• Fardous Hosseiny

Remembrance Day 2022 – We do remember them

Remembrance Day truly is a day of memorial — a way we as Canadians join the citizens of other Commonwealth countries to recognize those who have served our nation, those who fought and those died. In Canada alone, we have lost more than 100,000 brave soldiers across conflicts throughout our country’s history. These span from the Boer War, to the First World War to service in Afghanistan, and also include those recently lost in training.


Fardous Hosseiny, President and Chief Executive Officer, Atlas Institute for Veterans and Families

Many of those who did return home to Canada returned fundamentally changed, often bearing both physical and emotional wounds because of the courage of their service. We cannot ignore the reality of those we have lost long after their time in the zone of conflict where these injuries originated.


We are a young country, but we’ve contributed to global freedom in a significant way.

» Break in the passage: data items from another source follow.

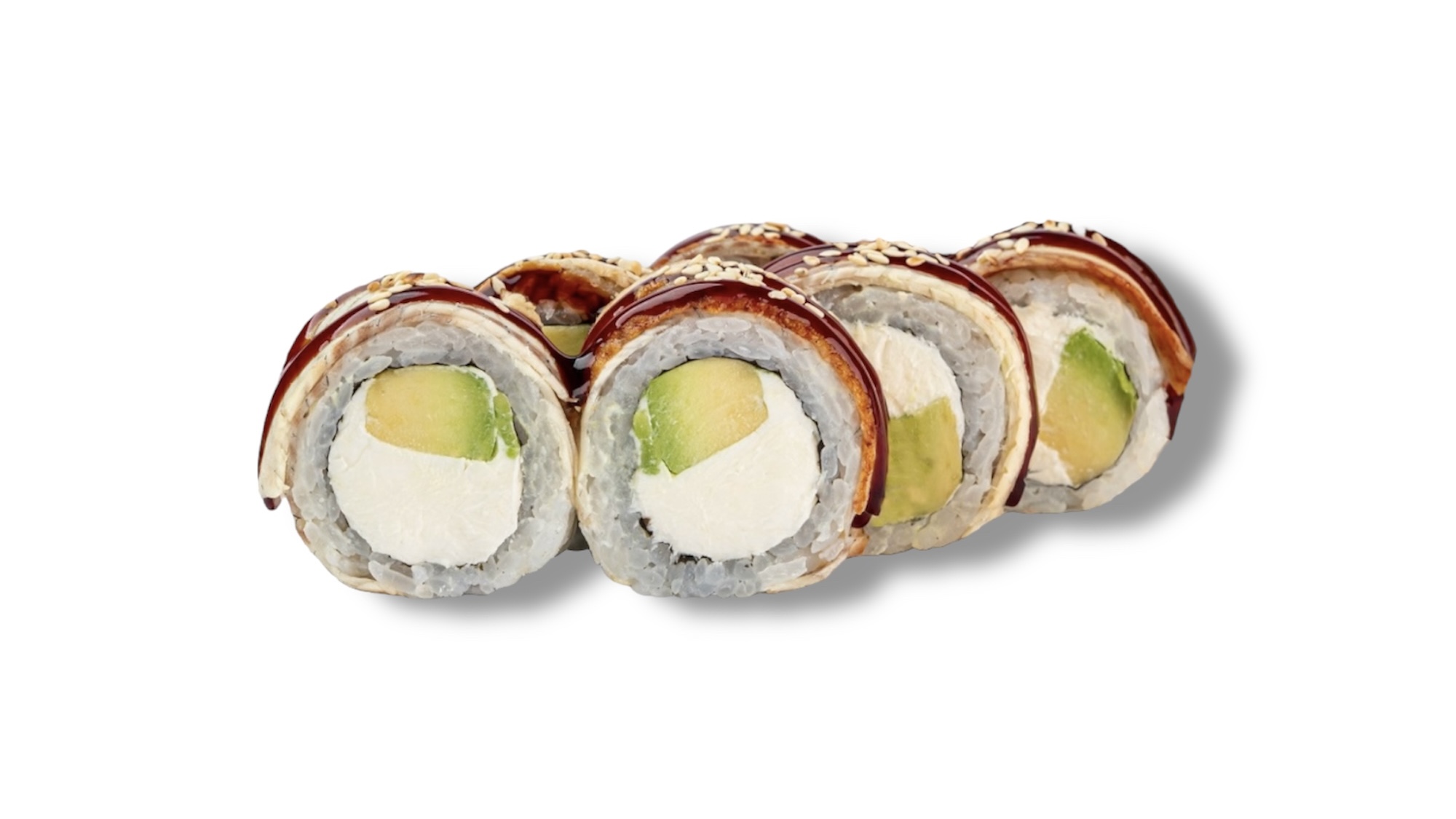 Угорь, авокадо хасс, сливочный сыр, кунжут,
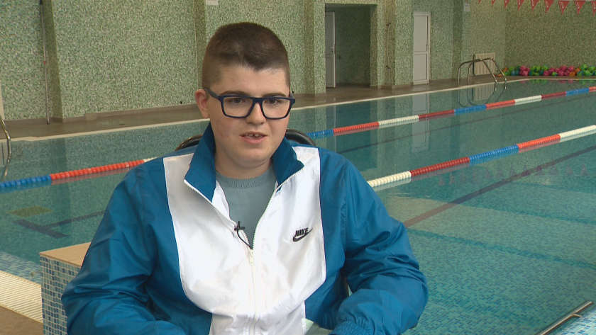 Спортист в инвалидна количка учи в училище без асансьори и рампи. Специална система му помага да се движи по стълбите. А друга машина му помага да влиза в училищния басейн за тренировки по плуване. И двете устройства са купени със средства, събрани от деца и учители в 78-мо училище в Банкя.
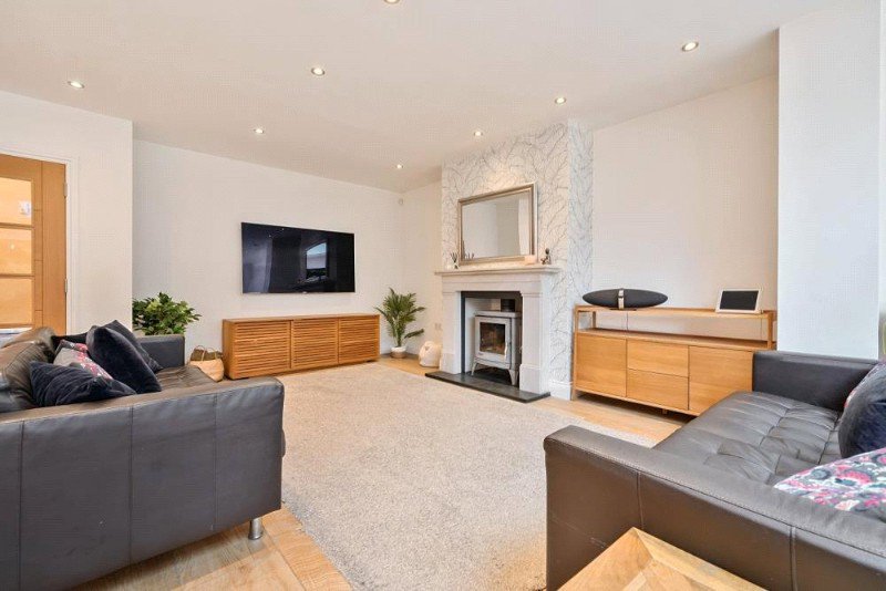 The property offers spacious and flexible accommodation arranged over three floors, designed with modern family living in mind. The ground floor features an inviting entrance hall, a stylish cloakroom with shower, two generous reception rooms, and an impressive open-plan kitchen/dining/family room—an exceptional social space fitted with high-quality integrated Bosch appliances, Silastone work surfaces, and a large breakfast bar. Bi-fold doors open onto the rear patio, seamlessly blending indoor and outdoor living. A useful utility room provides additional storage and appliance space.
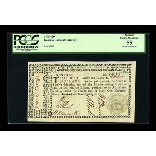 <B>Georgia May 4,1778 $20 PCGS Apparent Choice About New 55.</B></I> We have handled only a few higher graded notes of this number over the years. Embossing is seen through the PMG holder while the signatures and printing are dark. The label reads "minor restorations" and there is a small repaired internal tear. <BR><BR><b>Shipping:</b> Coins & Currency (<a target="_blank" href="http://www.heritageauctions.com/common/shipping.php">view shipping information</a>)
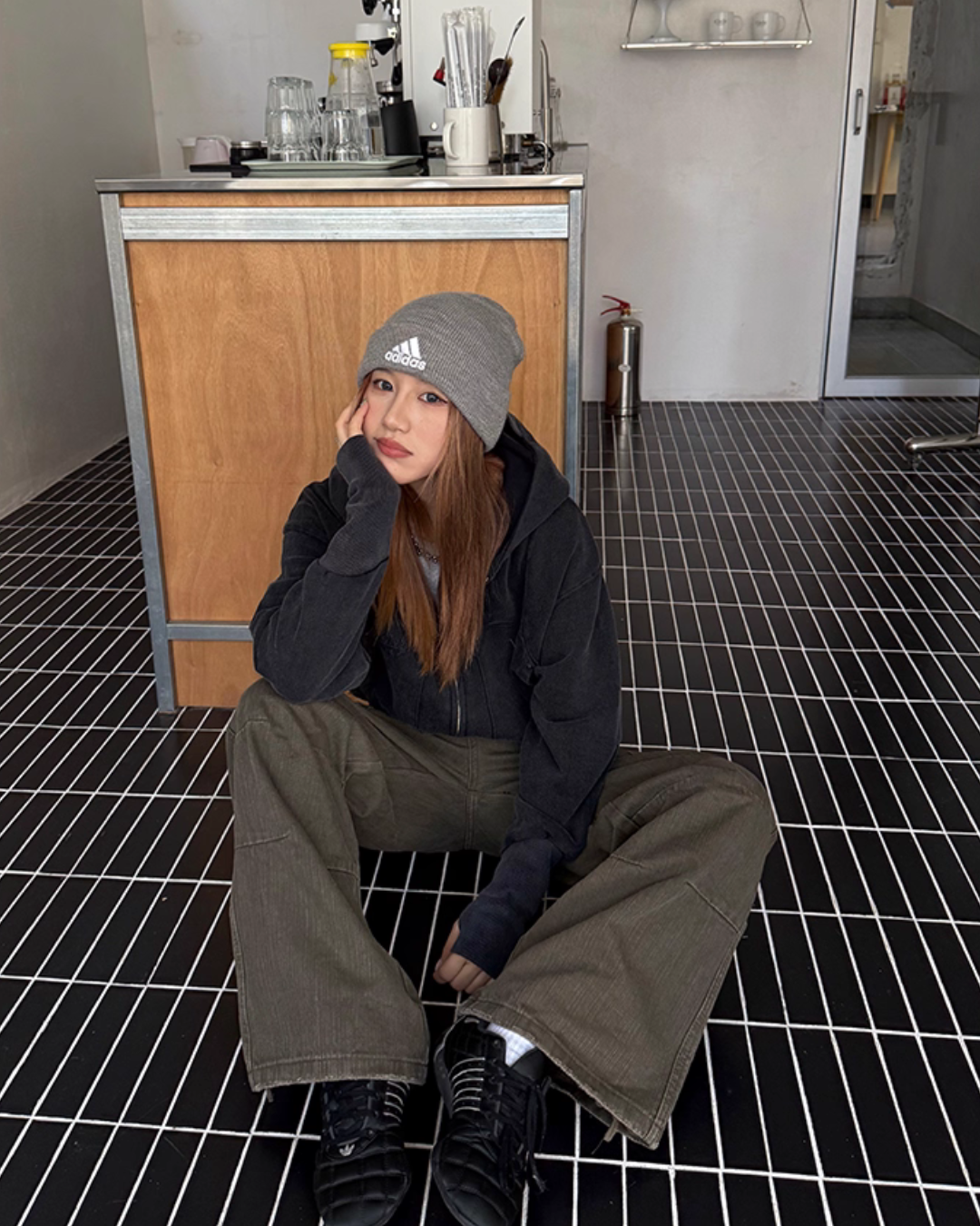 ダブルジップなので、裾を少し開けた着こなしもおすすめ。
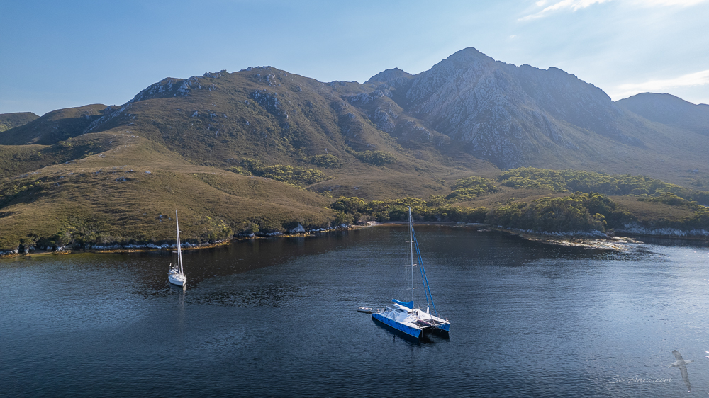 Our last anchorage in Port Davey before heading into the Bathurst Channel was at Bramble Cove. This cove is overlooked by Mount Stokes on the eastern side, 484m high, and the entrance to the cove is protected by Mount Milner (186m) with its steep ridge line climb. We have no photos to show for the effort as Chris wiped them out without realizing! We have a few aerials though!
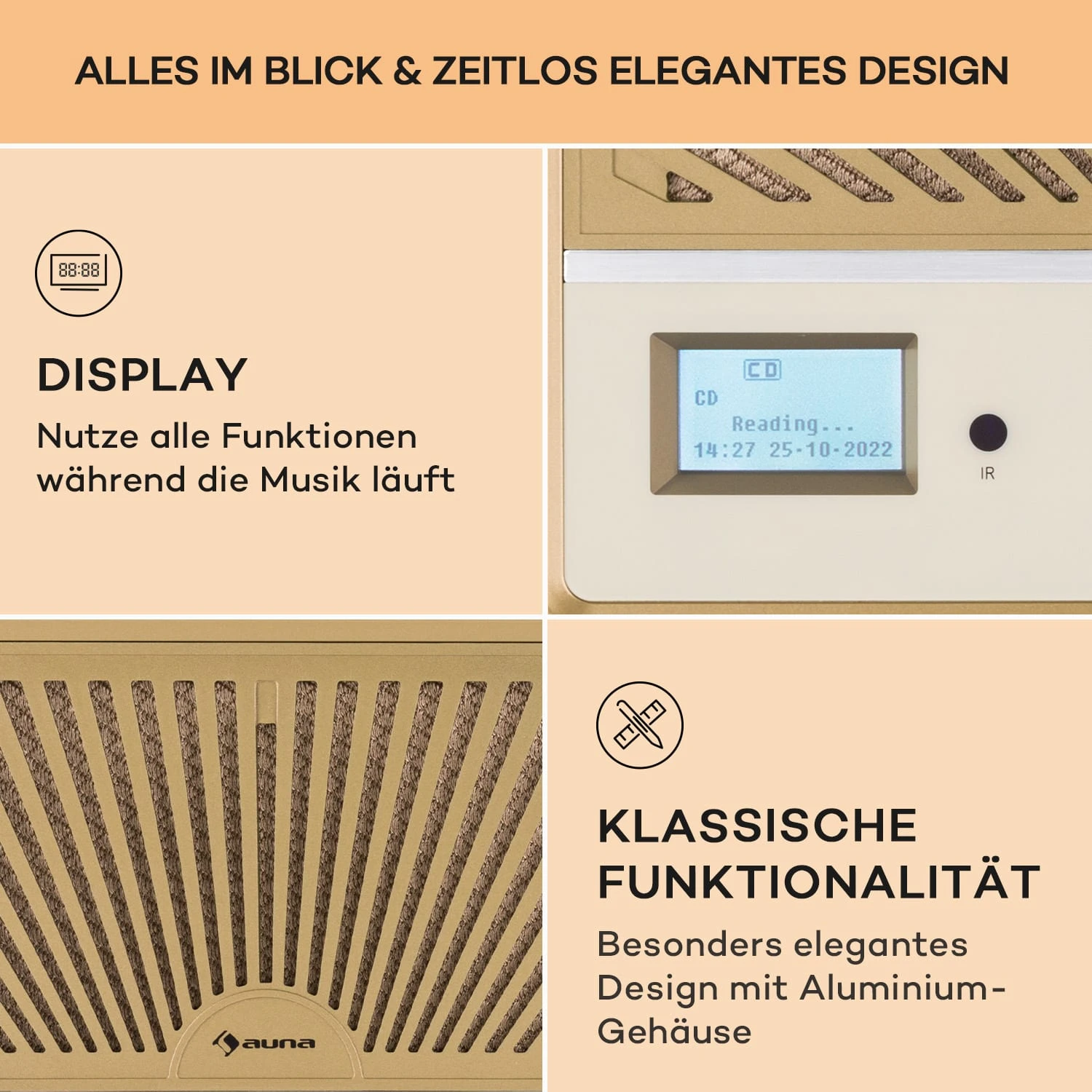 - frontseitiges Display, Bedientasten und Lautstärkeregler frontseitig
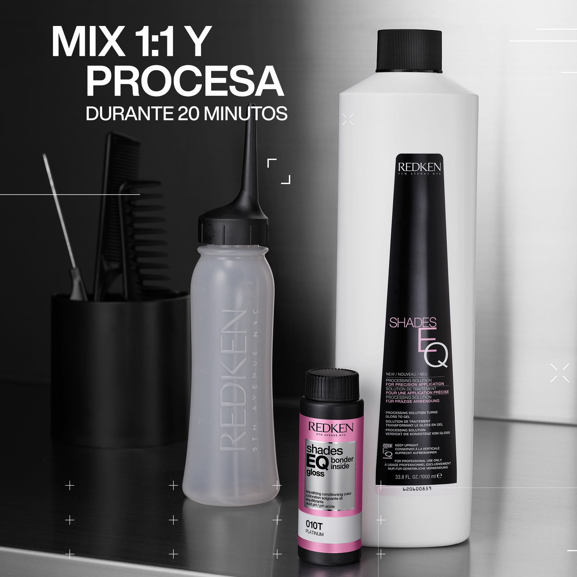 Formular en una proporción de 1:1 con Shades EQ Processing Solution • Shades EQ Gloss se puede aplicar con un tazón y una brocha o una botella y se puede diluir con Crystal Clear para disminuir la intensidad o personalizar cualquier tono • Procese a temperatura ambiente durante 20 minutos
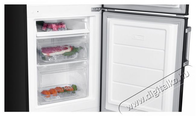 A 121 literes hűtőtér három edzett üvegpolccal van felosztva. Emellett a középső polc magassága állítható, és a tárolóhely igény esetén könnyen átrendezhető. Az ajtóban tágas rekeszeket találsz, amelyek a nagyméretű üvegek, befőttesüvegek, valamint kisebb élelmiszerek tárolására vannak fenntartva. Nem hiányozhat a kihúzható Crisper box sem a friss gyümölcsök és zöldségek tárolására, illetve egy riasztó, amely figyelmeztet, ha az ajtó nyitva marad.

I think of a story I heard last year when we, at the Atlas Institute for Veterans and Families, were going through a process of deep engagement with Veterans and Families to develop our five-year strategic plan. A Veteran with more than 40 years of service, retiring as a Chief Warrant Officer, spoke about a memory he had of leading his troops during Op Harmony in 1993 in the region of the Medak Pocket. In some of the most difficult fighting in the former Yugoslavia, where Canadians were part of the engagement, prior to setting off to provide support to those engaged, he met with his section and asked them whether they had any trepidations about going into this operation. He asked if they were scared, prepared to provide words of encouragement. Instead, one soldier replied, “I’m not scared of dying. I am more scared that if anything were to happen, our sacrifice won’t be remembered or understood. I’m scared for my family back home should I die. Will they be looked after? But no, I’m not scared of dying.”


I didn’t think to ask if this young soldier did indeed survive. There were Canadians lost in the heavy fighting. But this story stays with me because it speaks volumes about many things that are part of the experience of service that those of us who haven’t borne arms cannot comprehend. We simply cannot fully understand what we have not experienced. It speaks to me of the extraordinary courage of those who selflessly stepped up and joined our military — be that land, sea, air, full-time or reservist. It speaks to the values they hold, and the willingness to bear arms to defend those values. The kind of person who would risk the loss of their own life in pursuit of preserving a dream of freedom that others might enjoy. And, finally it speaks to me of the role of the family when those they love pay the ultimate price for our freedom. How do we honour their sacrifice?


There are thousands of quiet acts of courage that never were recorded in the annals of history, but they are stored in the memories of those who led them, who walked beside them and who have shared the experience of service. On Remembrance Day, at the 11th hour of the 11th day of the 11th month, these are the individuals we honour.


The poppy is an enduring symbol of remembrance and we wear it specifically to remember those who gave their lives in battle. These are the flowers that grew on the battlefields of Europe after the end of the First World War, which is when Remembrance Day originated. We lay wreaths at cenotaphs as other ways to honour the fallen — to take the time to remember them and what their sacrifice has truly meant, both to us personally and to the freedoms we enjoy as Canadians.


It is that freedom which should call us to mindfully remember those who serve. Beyond simply a day or week set aside each year, we should continue to honour their sacrifices by also remembering the service of their friends and comrades, the more than 600,000 Veterans living today in Canada and the loved ones who have made their own sacrifices at home. In so doing, we are honouring the quiet contemplations of the brave facing the uncertain on the battlefield.


If I were able to speak to that young soldier today, it is my hope that he would see in the work of the Atlas Institute that we have not forgotten him, his sacrifice and that of his comrades, and we have not forgotten their families. Indeed, we do remember.